Дед Василий никогда не болел.
Ну, то есть, конечно болел. Все болеют. Но я не помню, чтобы он лежал в постели дольше одного дня. Не помню, чтобы жаловался. Не помню, чтобы вызывал врача. Бабушка Зина ворчала на него за это, грозила пальцем, говорила:
– Вот свалишься, Василий, и никто тебя не пожалеет. А он только щурился хитро и отвечал одно и то же.
– У меня своё лекарство, Зинаида. Проверенное.
И шёл в погреб.
Мне было лет восемь, когда я впервые увидел эту банку. Трёхлитровая, с мутноватой жидкостью внутри, закрытая капроновой крышкой. Стояла она на нижней полке, между солёными огурцами и вареньем из чёрной смородины. Я потянулся к ней, и дед мягко перехватил мою руку.
– Это не для тебя, Лёшка. Это лекарство.
Я спросил, от чего лекарство. Он задумался на секунду, будто подбирал слова.
– От жизни, сказал он.
И засмеялся так, что стены погреба, казалось, задрожали.
Тогда я не понял. Мне было восемь. У меня были дела поважнее: построить шалаш за сараем, наловить майских жуков, выпросить у бабушки блинов раньше воскресенья. Банка с мутной жидкостью меня не интересовала. Подумаешь, дед чудит.
Все деды чудят.
Василий Петрович Краснов родился в 1934 году в деревне Сосновка, Тамбовская область. Я это знаю точно, потому что бабушка Зина однажды показала мне свидетельство о рождении, пожелтевшее, с расплывшимися чернилами. Буквы были написаны от руки, красивым почерком, какого сейчас ни у кого нет.
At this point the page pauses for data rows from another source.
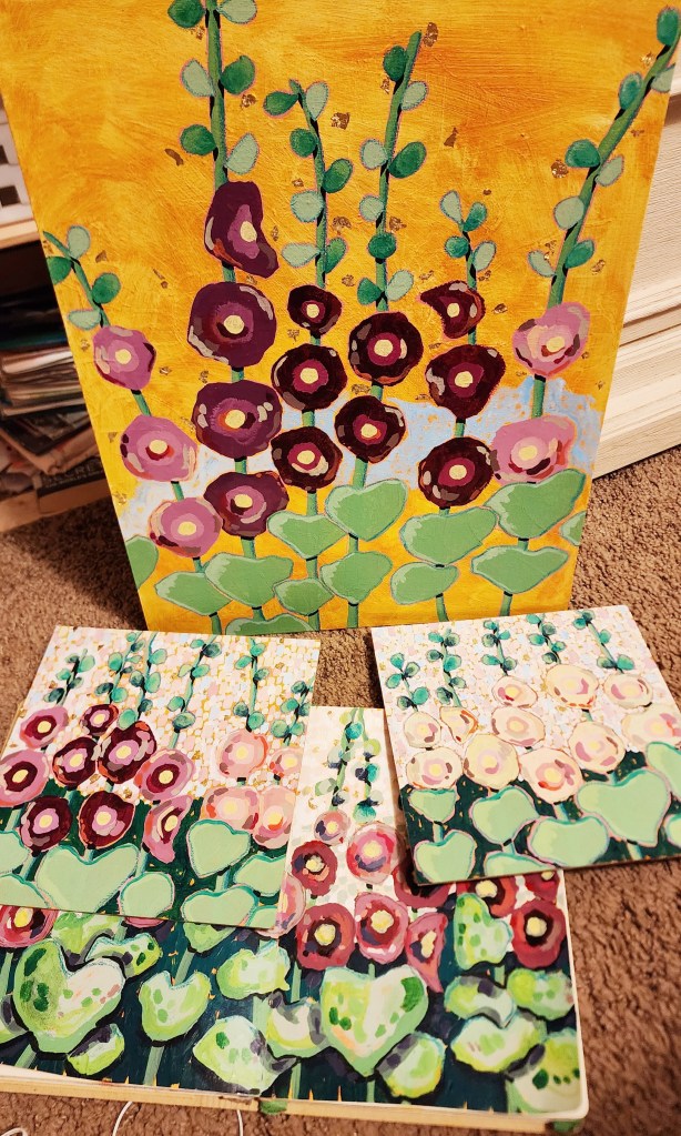I didn’t have anything in mind when I sat down to reconnect here tonight, but I guess there’s always something to share. I’m still working away on my painting series of hollyhocks. So far there are 7 paintings. I was hoping to get to 30, we shall see how that goes! I keep starting more paintings when I get to the final detail stage. Procrastination! Lord, help me!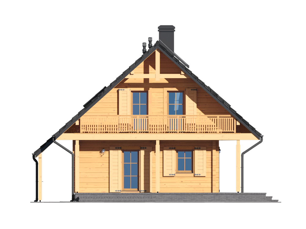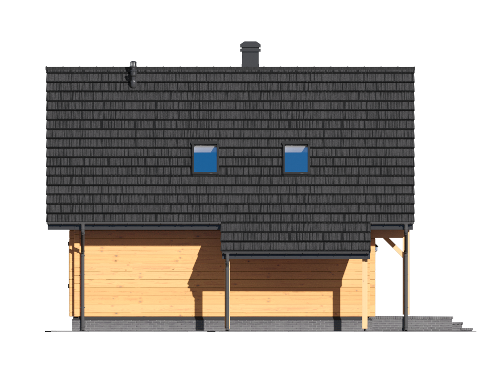 Graficzne opracowanie rzutów poglądowych widocznych na karcie projektu zostało wykonane przez Extradom.pl. Prezentowane przez Extradom.pl wizualizacje wykonane zostały przez autora projektu i należy poczytywać je jedynie za przykład i propozycję wykończenia, wizję architektoniczną autora projektu. Ostateczne wykończenie budynku może nastąpić na wiele sposobów. Szczegółowe rozwiązania zastosowane w oferowanej dokumentacji - w tym również ilość, lokalizacje i wygląd okien, drzwi, kominów - mogą w niewielkim stopniu różnić się od prezentowanej wizualizacji budynku.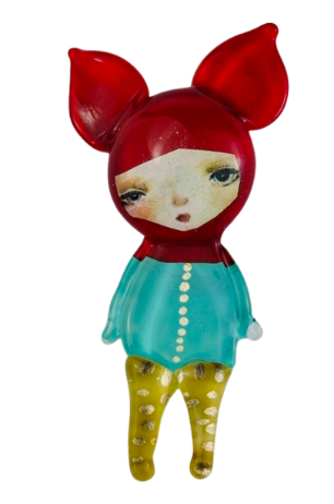 Autorska broszka wykonana z pełnego szkła, wytapiana ręcznie i malowana. Szkło hartowane, najwyższej jakości, bardzo trwałe. Każda z laleczek jest unikatowa - ręcznie malowana, szklana soczewka daje efekt złudzenia optycznego i głębi spojrzenia.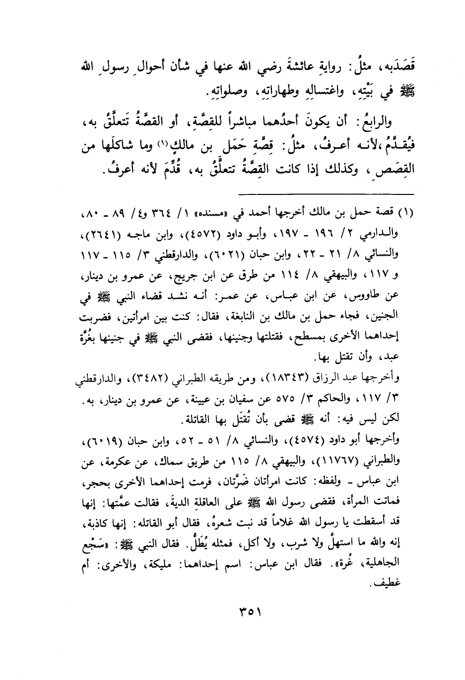 والرابعُ: أن يكونَ أحدُهما مباشراً للقِصَةِ، أو القصةً تَتعلقً به، فيًقدمً، لأنه أعرفُ، مثلُ: قِصةِ حَمَل بن مالكٍ (١) وما شاكلَها من القِصَصِ، وكذلك إذا كانت القِصةُ تتعلقُ به، قُدمَ لأنه أعرفُ.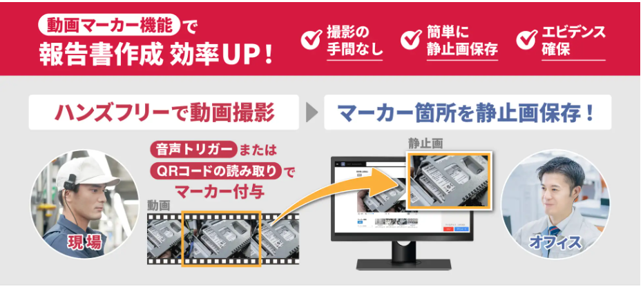 - 重要なシーンを簡単にピックアップ!報告書作成の効率アップに!『動画マーカー機能』活用事例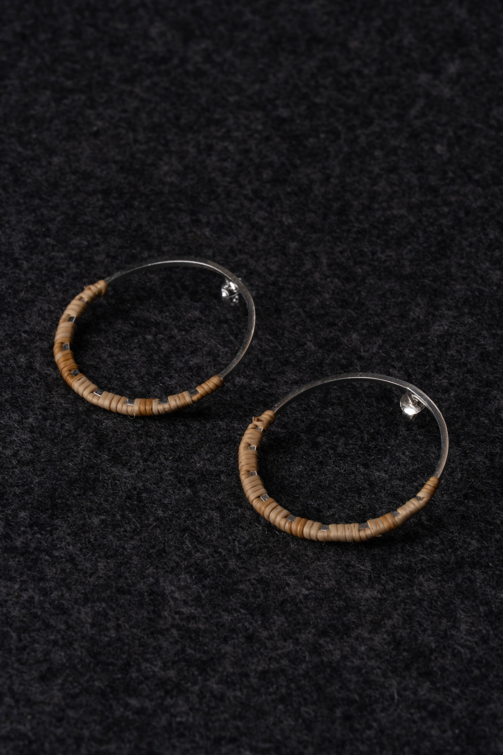 Örhänge med stift i silver och rot av Leila Nutti. Diameter: 36 mm.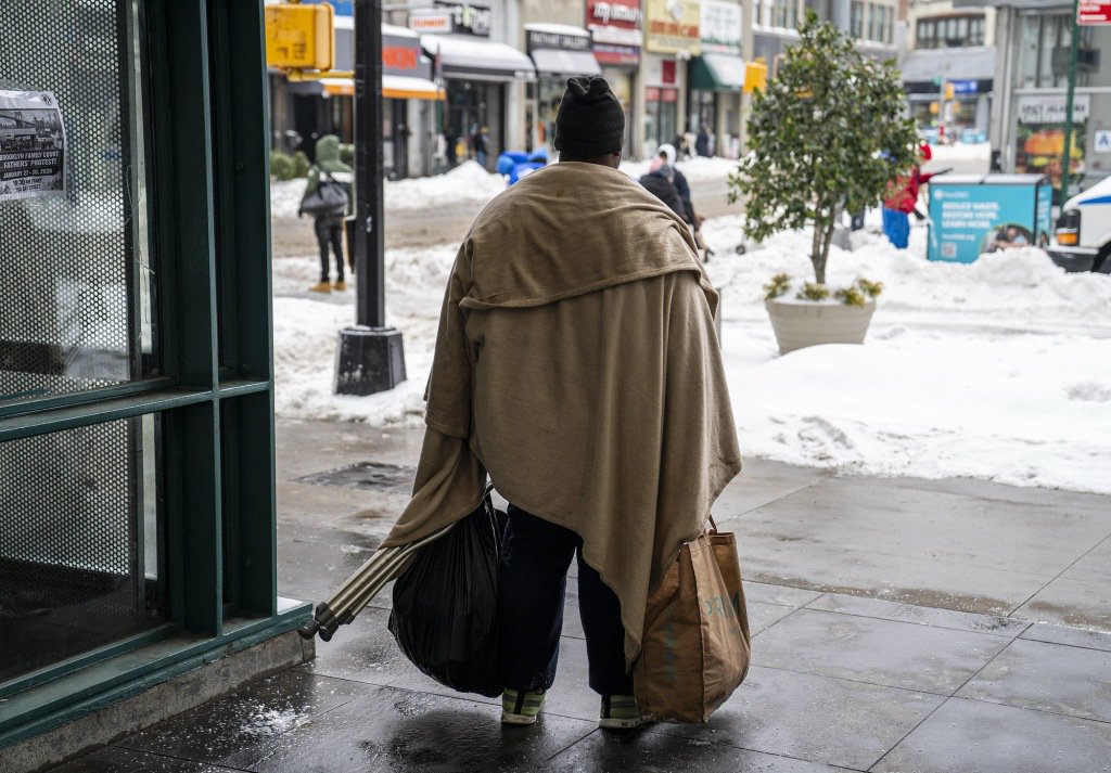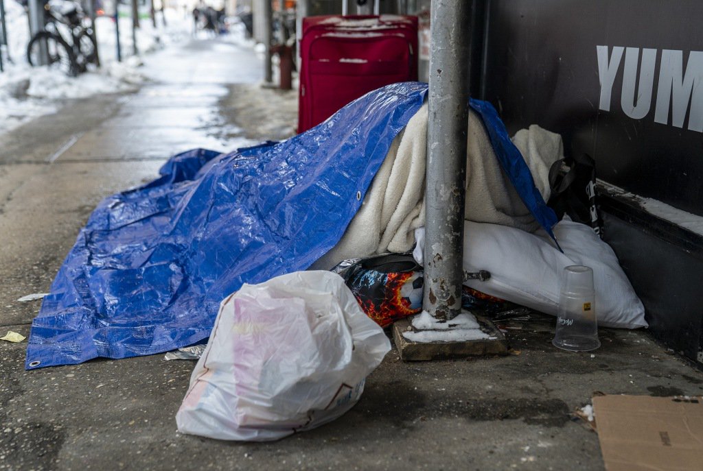 1月26日,美国纽约曼哈顿,一名流浪者在人行道上睡觉。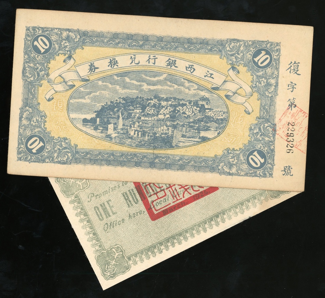 China, a pair of provincial notes, consists of Szechuan Provincial Bank, 100 copper coins, 1924, and Bank of Kiangsi, 10 yuan, Year 5(1916), serial number 229326, (Pick S2808 and S1102), above fine to about uncirculated respectively (2).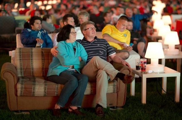 Il 12 giugno, per la partita inaugurale fra Brasile e Croazia, allo Stadion An der Alten Försterei, sul prato verde erano disposti centinaia di divani. L’Ap ha realizzato delle foto dell’impianto che normalmente ospita circa 20 mila tifosi, con i divani disposti ordinatamente sul prato: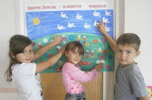 В ходе реализации проекта «Земля – наш общий дом» в подготовительной к школе группе №47 «Пчёлка» была проведена огромная работа по воспитанию экологической культуры у детей. Итогом этой работы стало выполнение коллективной аппликации на тему «Цвети земля – планета мирная». В результате творческой деятельности детей и педагогов появилось прекрасное панно, которое порадовало и детей, и взрослых. Создавая этот плакат, дети с удовольствием вырезали силуэты красивых голубей и весёлых человечков, складывали из бумаги разноцветные цветы, проявляя при этом фантазию и творчество, вкладывая любовь в каждую поделку и получая радость от общения друг с другом.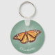 This simply designed Monarch butterfly keychain features a single Monarch butterfly with characteristic darker to lighter orange/yellow markings in a digitally distressed style on a customisable retro teal background - by katz_d_zynes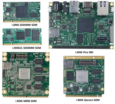 アイウェーブはi.MX6の各種SOM及びSBC(Single Board Computer)を提供しています。 アイウェーブは各種SOMの迅速な試作を可能にするために、各SOM毎の開発キットを用意しており、Linux、Android及びWEC7 BSPをサポートしています。 これらの開発キットは、新製品開発サイクルを最大60% 短縮し、迅速な市場投入を可能にします。 これらのすべてのi.MX6製品は、2016年の第1期からAndroid Lollipop及びLinux 3.14 kernel BSPのアップグレードが可能です。 i.MX6 Q7 SOM: 70mmx70mmのサイズで産業グレードの動作をサポートしています。 i.MX6 MXM SOM: 85mmx85mmの形状でオートモーティブグレードのi.MX6 CPU及び314 pin MXM2コネクタのピンアウトを備えたオートモーティブ仕様のインターフェイスをサポートしています。 i.MX6 SODIMM SOM: 67.6mmx37mm.と非常にコンパクトな形状で、コマーシャル、産業グレード両方の動作温度をサポートしています。 i.MX6 Pico ITX SBC: 100mmx70mmのサイズで全てのi.MX6用のオンボードコネクタをサポートしており、拡張コネクタにより更なるIOの拡張オプションが可能です。 これらの異なる形状のSOM及びSBCはQuad、Dual、Dual Lite、Soloの異なるi.MX6 CPUを選択できます。 この他にもi.MX6 Quad Plus やi.MX6 Dual plusのCPUコンフィギュレーションがあります。 プレスリリーストップへ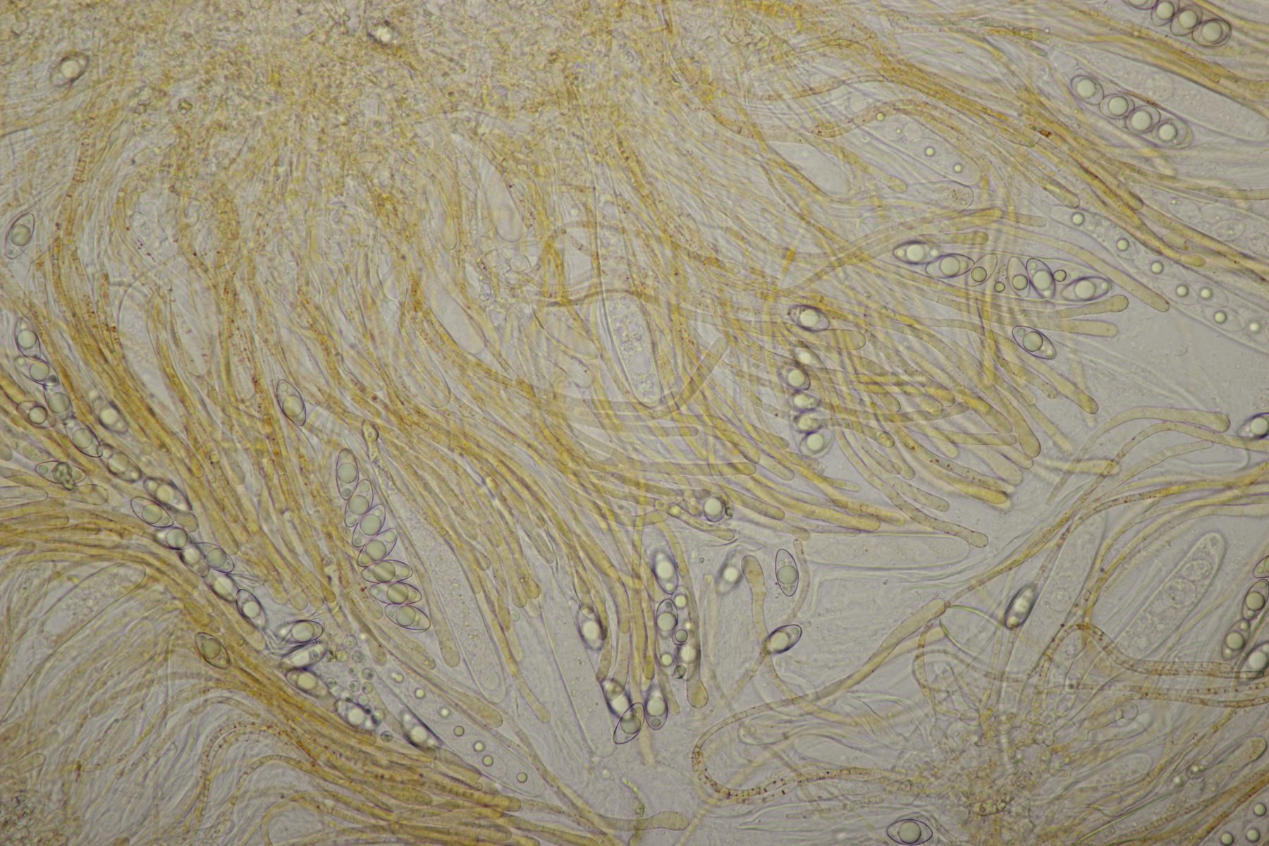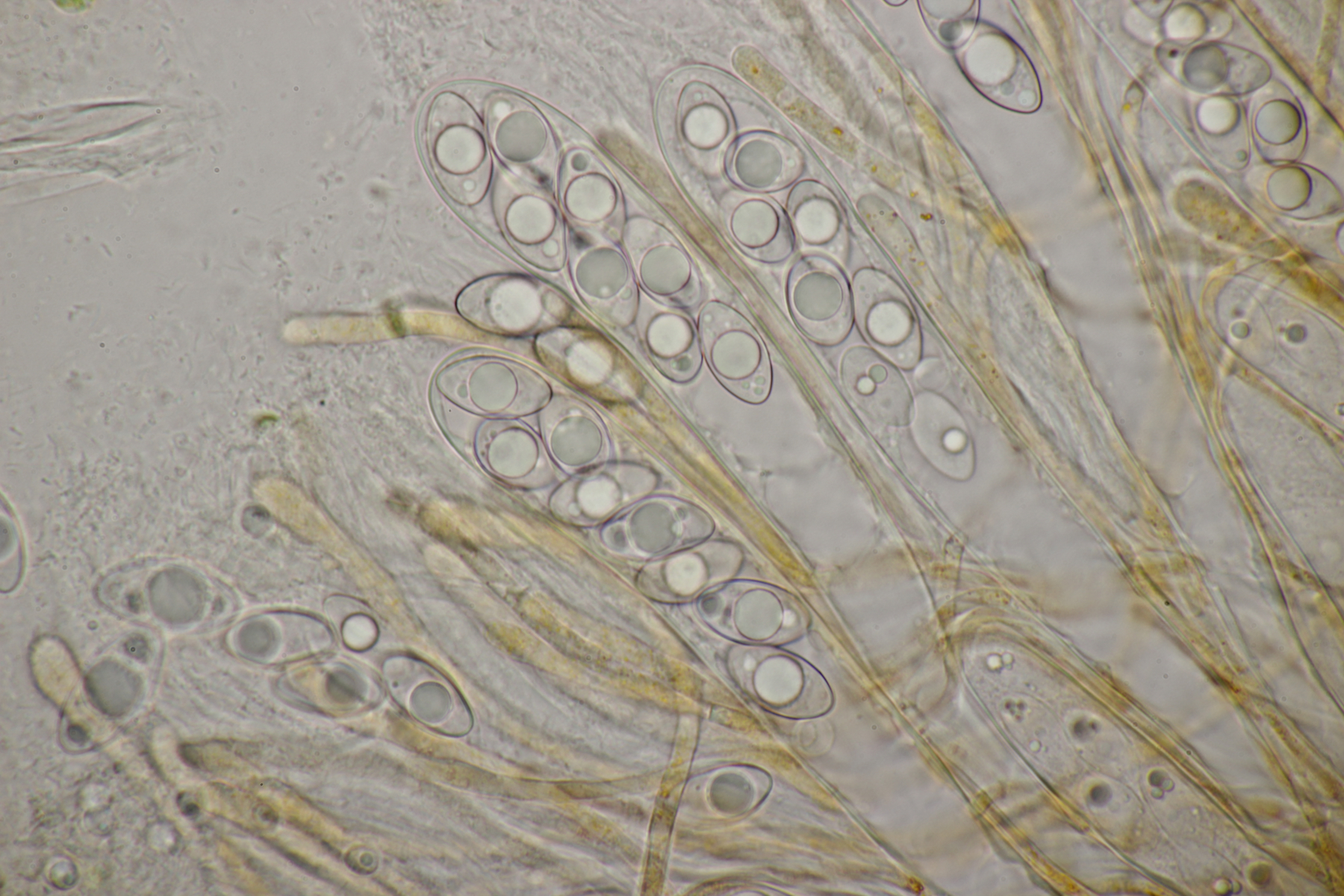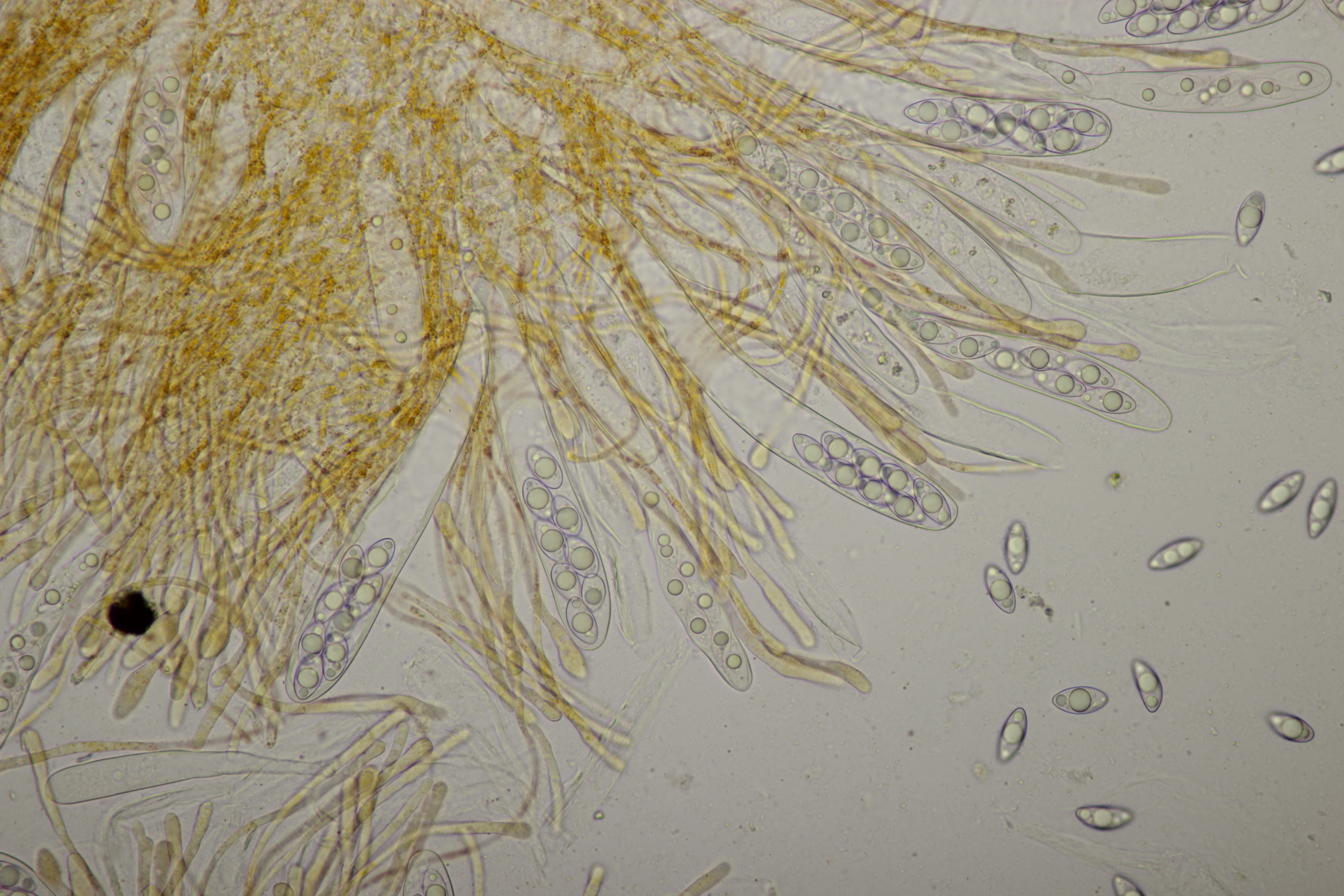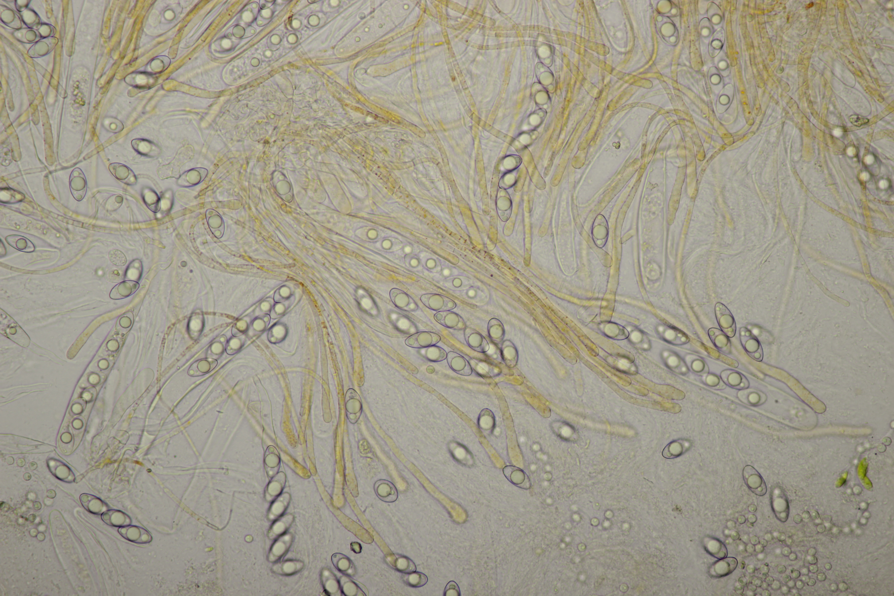 3. Und noch mal Octospora gemmicola, diesmal in besserem Zustand. Sporengrößen von (20.8+-1.2) µm x (10.3+-0.3) µm bzw. (22.7+-1.8) µm x (10.0+-0.6) µm bei den beiden Fruchtkörpern.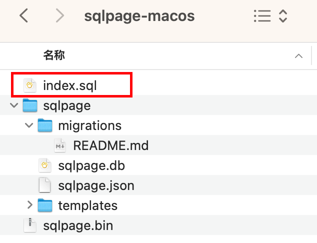 SQLPage 的部署非常简单,我们可以直接在项目的 release 页面下载对应平台的可执行文件,也可以通过 docker 来部署。这里以 macOS 为例,下载解压后,进入目录,执行目录下的 sqlpage.bin,可以看到程序已经启动了。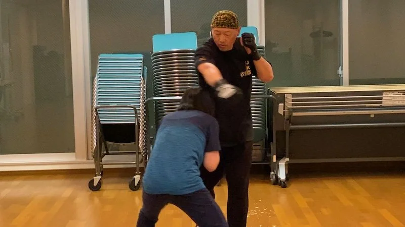 プライベートレッスンの様子、インストラクターがランダムにパンチやキックを出し、それに反応して体捌きのみで攻撃をかわすトレーニング法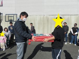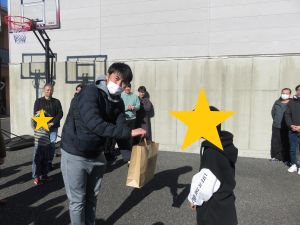 昼食のお弁当も用意してくださり、冬の日差しを感じ、みんなでワイワイと食べることができました。また、屋外用の大きな時計をご寄贈いただき、職員一同大変感謝しています。

Когда началась война, деду было семь. Отца забрали на фронт в первую неделю. Мать осталась одна с тремя детьми. Василий был старшим.
Он рассказывал об этом редко. И всегда как-то боком, не в лоб. Никогда не говорил:
– Мы голодали. Говорил:
– Хлеба тогда не было, так мы лебеду ели. Ничего, сладковатая даже, если привыкнуть. Никогда не говорил:
– Было страшно. Говорил:
– Мать по ночам не спала, всё ходила от окна к окну. А мы с братьями притворялись, что спим.
Вот это «притворялись, что спим» врезалось мне в память намертво. Я представил себя, восьмилетнего, лежащего в темноте с закрытыми глазами, слушающего шаги матери, и внутри у меня что-то сжалось так крепко, что я не мог вдохнуть.
Дед заметил. Положил мне руку на плечо. Тяжёлую, тёплую, пахнущую землёй и табаком.
– Ничего, Лёшка. Давно было. Другая жизнь.
Отец с фронта не вернулся. Похоронка пришла в сорок третьем. Деду было девять. Мать не плакала при детях. Ни разу. Дед говорил, что она стала после этого «тихая, как зима». Ходила, делала всё, что нужно, кормила, стирала, копала огород. Но как будто звук выключили.
Потом, когда война кончилась, в деревню начали возвращаться мужики. Не все. Мало кто. Но возвращались. А в их дом никто не пришёл. И мать стояла у калитки каждый вечер. Целый год.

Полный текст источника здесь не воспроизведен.